Rammstein sind tatsächlich ein schwer erklärbares Phänomen. Von vielen verachtet, von anderen geliebt, konstatiert der Kunst-Intellektuelle, dass die Kompositionen der Band in ihrer Einfachheit die Musik geradezu pervertieren und der Literaturwissenschaftler bekommt Ohrenkrebs, wenn er sich Lindemanns lyrisch verklausulierte Sex- und Gewalt- und Leidtexte anhört. Und dennoch ist die Formation rund um ihren Sänger der bekannteste deutsche Rock-Export seit den Scorpions und der erfolgreichste deutsch Singende noch obendrauf. Selbst in den USA verehrt man das Sextett und Kultregisseur David Lynch veranlasste, dass gleich zwei Stücke der Berliner Band auf den Soundtrack seines Lost Highway gelangten.

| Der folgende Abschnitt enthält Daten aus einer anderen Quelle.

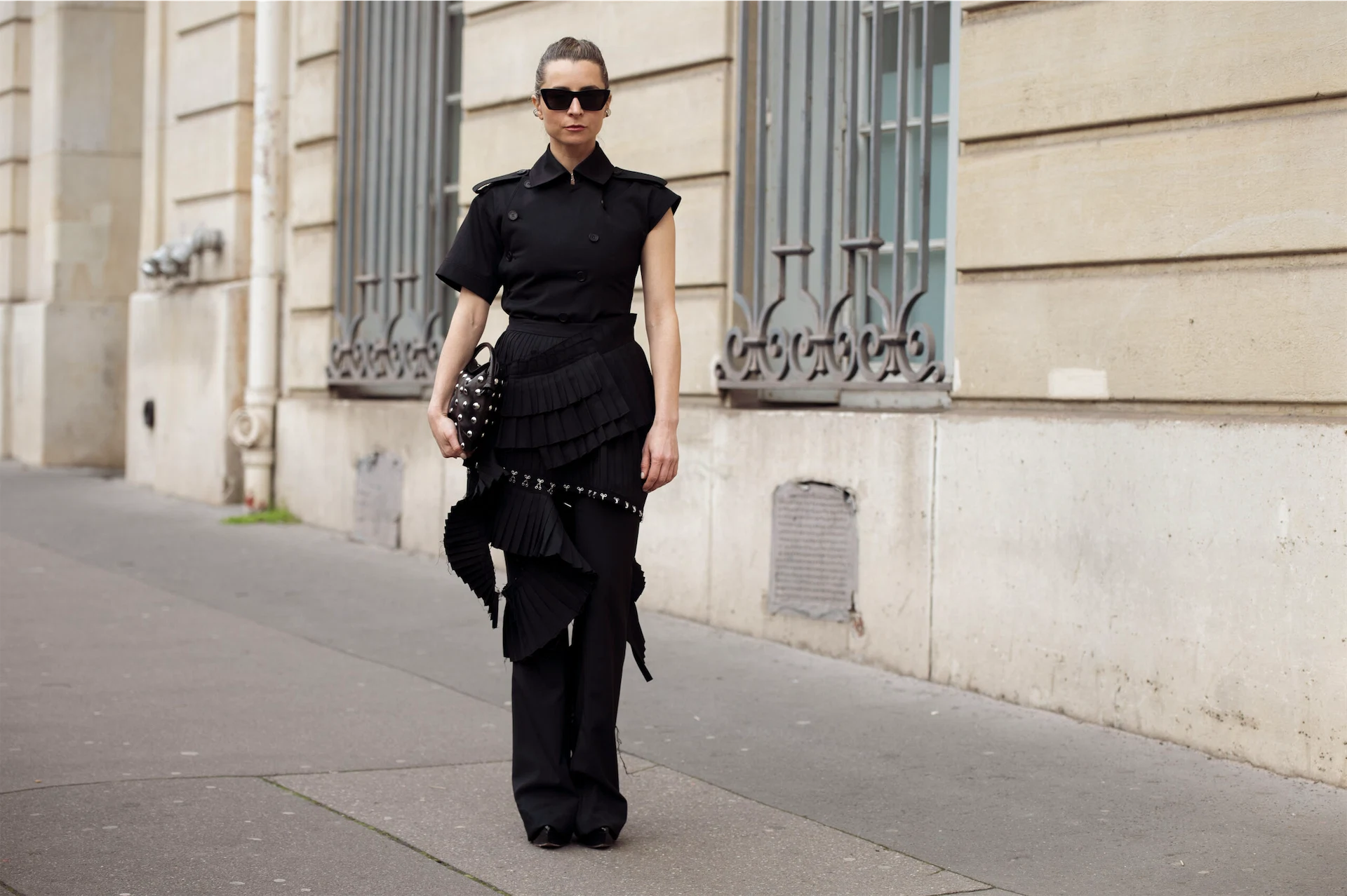 Rokh is one of my absolute favourite brands, as I appreciate the creative process of garment deconstruction, celebrating “artisanal imperfection” behind each look. I was honoured to wear a total look to their show: a powerful black ensemble, featuring a collared asymmetric shirt with a pair of trousers and a ruffled over-skirt. Definitely one of the most interesting looks I’ve worn to date, that went perfectly with a studded Freda Salvadore clutch.

Der Verbund aus martialischem Auftritt, simplen (zum Mitsingen geradezu herausfordernden) Texten und sägenden Gitarrenbeats muss es wohl sein, der in Kombination mit den pyrotechnischen Feuerwerken während der Live-Auftritte dafür sorgt, dass Rammstein seit mittlerweile 22 Jahren höchst erfolgreich durch sämtliche Länder ziehen. Im Zuge ihres Best-of-Albums zum 20. Jubiläum kam entsprechend (erneut) die Idee auf, einen Filmmitschnitt zu produzieren. Während zweier Konzerte im Palais Omnisports de Paris-Berc im März 2012 nahm man die Songs auf und vertraute dabei auf Jonas Åkerlund, der als Regisseur schon die Videos zu „Pussy“, „Mein Land“ oder „Ich tu dir weh“ inszeniert hatte. Der Videoclip-Ästhet, der schon mal selbst als Schlagzeuger unterwegs war (Bathory), hat mittlerweile eine Vita wie kaum ein anderen im Bereich der Musik-Dokus und -filme.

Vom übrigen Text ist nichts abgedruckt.